Overview. MR.D.I.Y.’s recorded the best ever quarter performance with top and bottom-line rising by 27% and 49% to RM975.4m and RM134.6m in 4Q21, owing to higher contribution from number of new stores (+23% yoy) and higher average monthly sales per stores (+4% yoy), as well as higher average basket size (+7% yoy). The total number of stores jumped to 900 during the period over total transactions of 33.1m (+20% yoy).
Key Highlights: Nevertheless, in FY21, the GP margin dropped by 1.3 ppts cue to higher and other input costs amidst margin dilution from sales contribution of MR Dollar segment.

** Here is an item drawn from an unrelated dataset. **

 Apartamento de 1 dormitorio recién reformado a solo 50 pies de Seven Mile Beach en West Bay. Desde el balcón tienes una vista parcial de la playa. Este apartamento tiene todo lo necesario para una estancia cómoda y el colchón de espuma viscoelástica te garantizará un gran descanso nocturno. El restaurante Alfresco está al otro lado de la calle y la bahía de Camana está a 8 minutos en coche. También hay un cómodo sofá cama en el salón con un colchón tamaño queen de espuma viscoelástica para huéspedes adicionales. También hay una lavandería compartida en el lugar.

Against estimates: Inline. Overall, FY21 net profit recorded above ours, but below consensus’ estimate at 110% and 71% respectively. We believe the higher-than-expected earnings’ estimate was due to return of the footfall and normalised retail operation hour during NRP implementation.

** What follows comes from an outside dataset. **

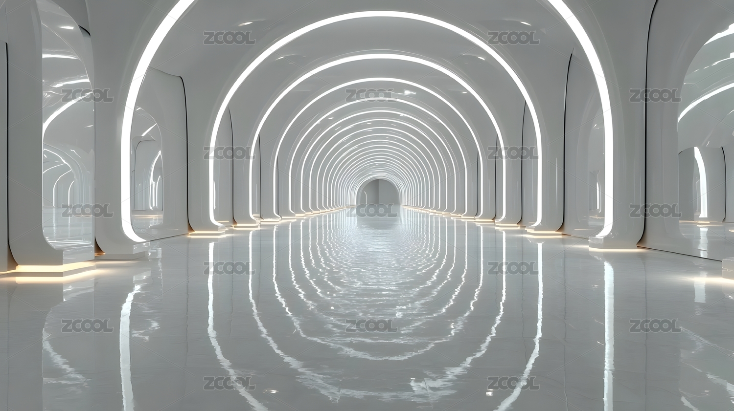 未来感白色隧道空间
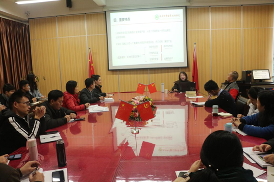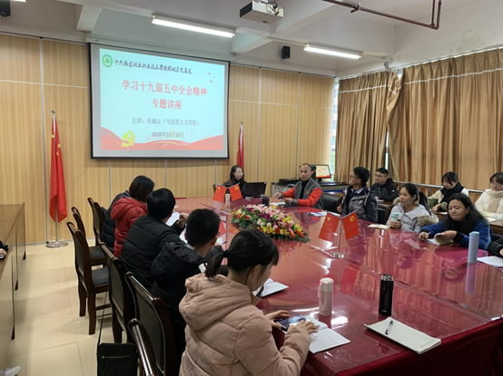 2020年12月15日14:40,园林系党总支在系会议室召开学习十九届五中全会精神专题讲座。系党总支书记陈剑勇、系主任黄华明、系部专兼职教师以及学生党员参加本次讲座。本次讲座由园林系党总支书记陈剑勇主持,马克思主义学院朱丽云老师进行授课。

Outlook. We remain upbeat on MR.D.I.Y’s business prospect as we see continuous strong demand for its home improvement products. Sector-wise, since adults and the total population vaccination rates have now reached 98% and 79%, we believe lockdown is no longer viable, thus we expect the consumer sector’s recovery to continue. This is aided by sustainable private consumption on the back of a resilient employment rate.
Our call. Given the encouraging results, we are likely to raise our earnings forecast for FY22-FY24F pending some clarifications from the management. We maintain our target price of RM4.00 based on average FY22/23F EPS of 6.7sen and of 59.5x and HOLD recommendation for MRDIY.